Data records
+ + + +

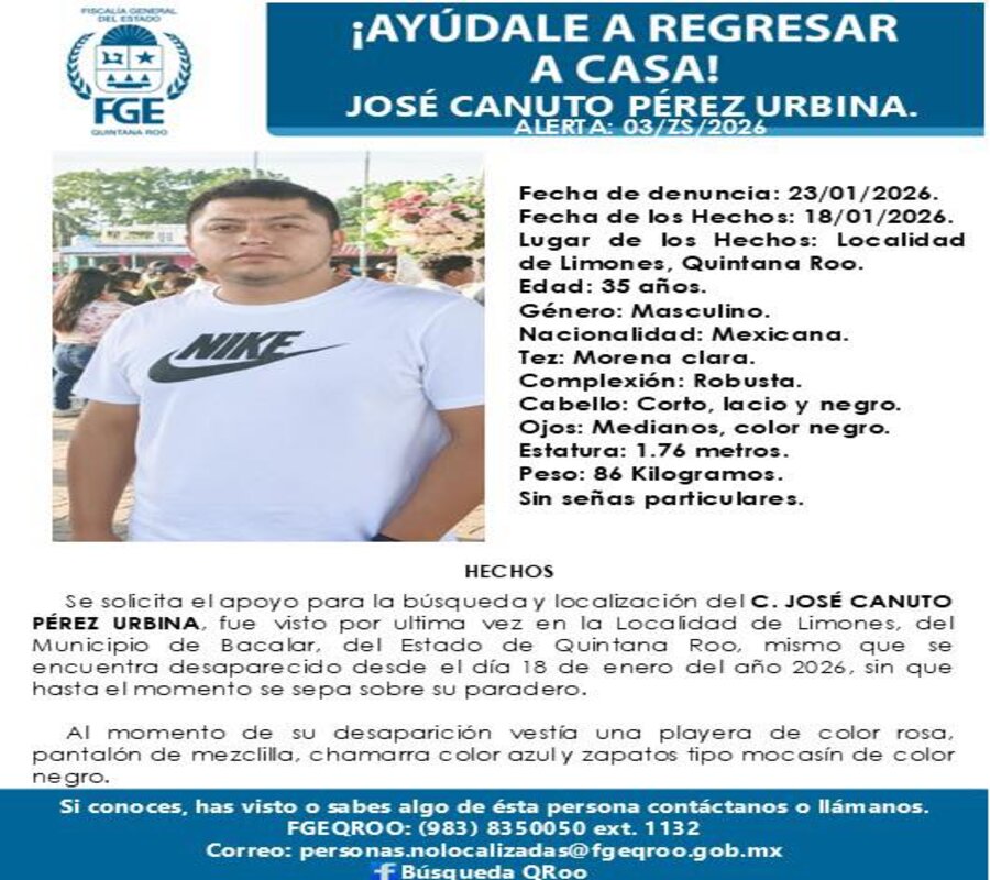 La Fiscalía de Quintana Roo solicita apoyo ciudadano para localizar a José Canuto Pérez Urbina, de 35 años, desaparecido desde el 18 de enero en Limones, municipio de Bacalar; se mantiene activa su búsqueda oficial
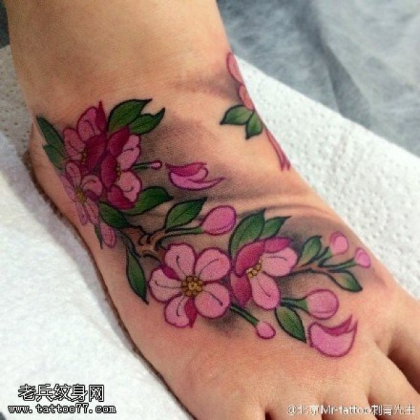 清新小桃花脚踝纹身_脚部纹身图案大全_纹身图吧
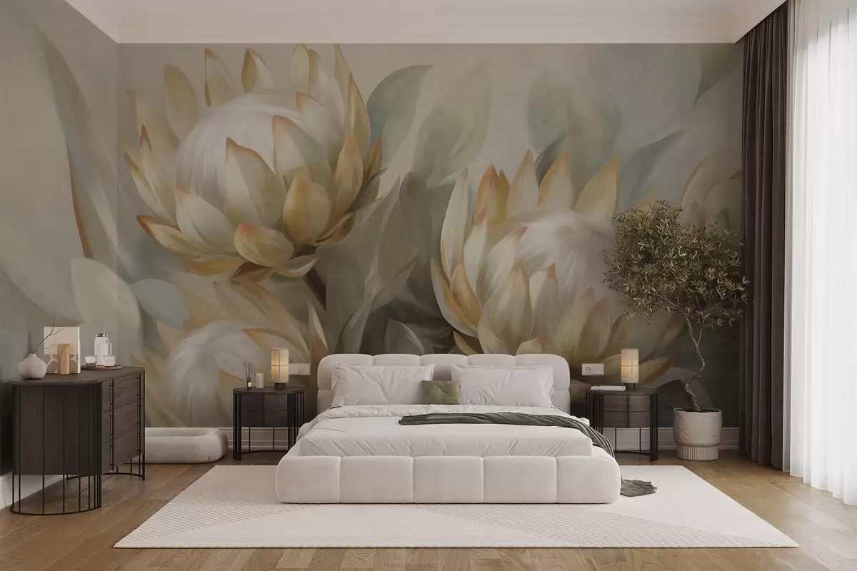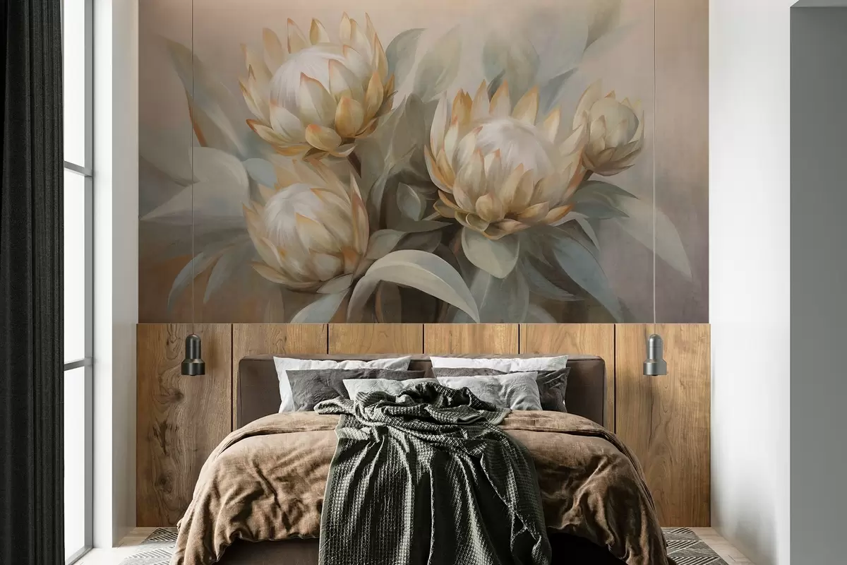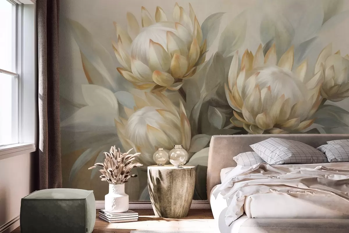 Fototapet Strukturerade proteablommor med gröna blad och en mjuk, suddig bakgrund Nr. w09738
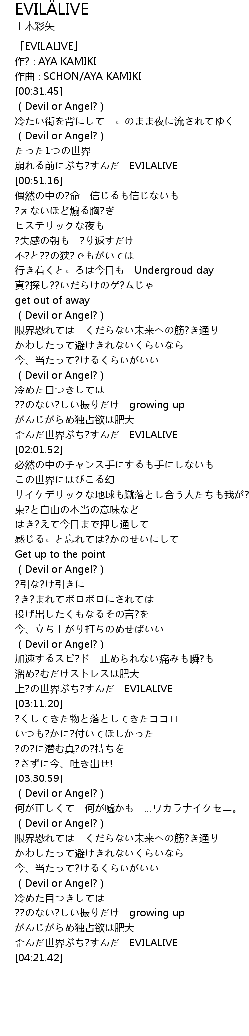 | [03:03.61] | 上?の世界ぶち?すんだ EVILALIVE |
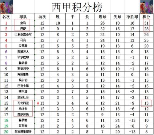 積分榜方麵,前12輪,皇馬3分優勢力壓巴薩領跑,本輪巴薩將在主場對戰勁敵畢爾巴鄂競技,皇馬則是客場對陣埃爾切。瓦倫西亞今天最後階段絕殺贏球拿下保級大戰,他們就暫時超過馬洛卡,奧薩蘇納上升到15位,輸球的萊萬特還是倒數第2陷在降級區內。
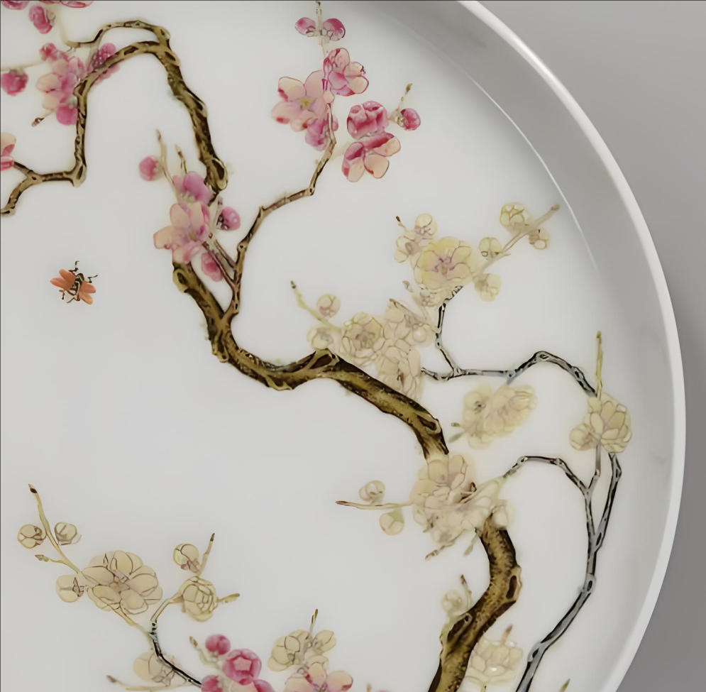此盘为景德镇窑所制,采用清代官窑经典粉彩工艺,以梅树纹为装饰主题。粉彩作为康雍时期的重要瓷器品种,融汇了两朝制瓷精髓,尤以其细腻柔和的彩绘技法闻名于世。
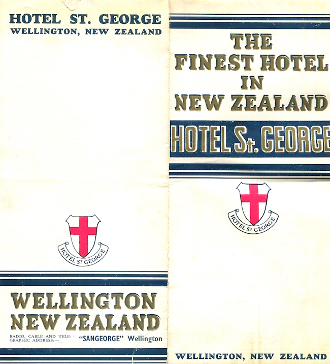 New Zealand Wellington Hotel St George Brochure 1933 Front

+ + + +

Exercise
Take every record and copy it word for word, dropping the pictures.

Task answer
 La Fiscalía de Quintana Roo solicita apoyo ciudadano para localizar a José Canuto Pérez Urbina, de 35 años, desaparecido desde el 18 de enero en Limones, municipio de Bacalar; se mantiene activa su búsqueda oficial
 清新小桃花脚踝纹身_脚部纹身图案大全_纹身图吧
 Fototapet Strukturerade proteablommor med gröna blad och en mjuk, suddig bakgrund Nr. w09738
 | [03:03.61] | 上?の世界ぶち?すんだ EVILALIVE |
 積分榜方麵,前12輪,皇馬3分優勢力壓巴薩領跑,本輪巴薩將在主場對戰勁敵畢爾巴鄂競技,皇馬則是客場對陣埃爾切。瓦倫西亞今天最後階段絕殺贏球拿下保級大戰,他們就暫時超過馬洛卡,奧薩蘇納上升到15位,輸球的萊萬特還是倒數第2陷在降級區內。
此盘为景德镇窑所制,采用清代官窑经典粉彩工艺,以梅树纹为装饰主题。粉彩作为康雍时期的重要瓷器品种,融汇了两朝制瓷精髓,尤以其细腻柔和的彩绘技法闻名于世。
 New Zealand Wellington Hotel St George Brochure 1933 Front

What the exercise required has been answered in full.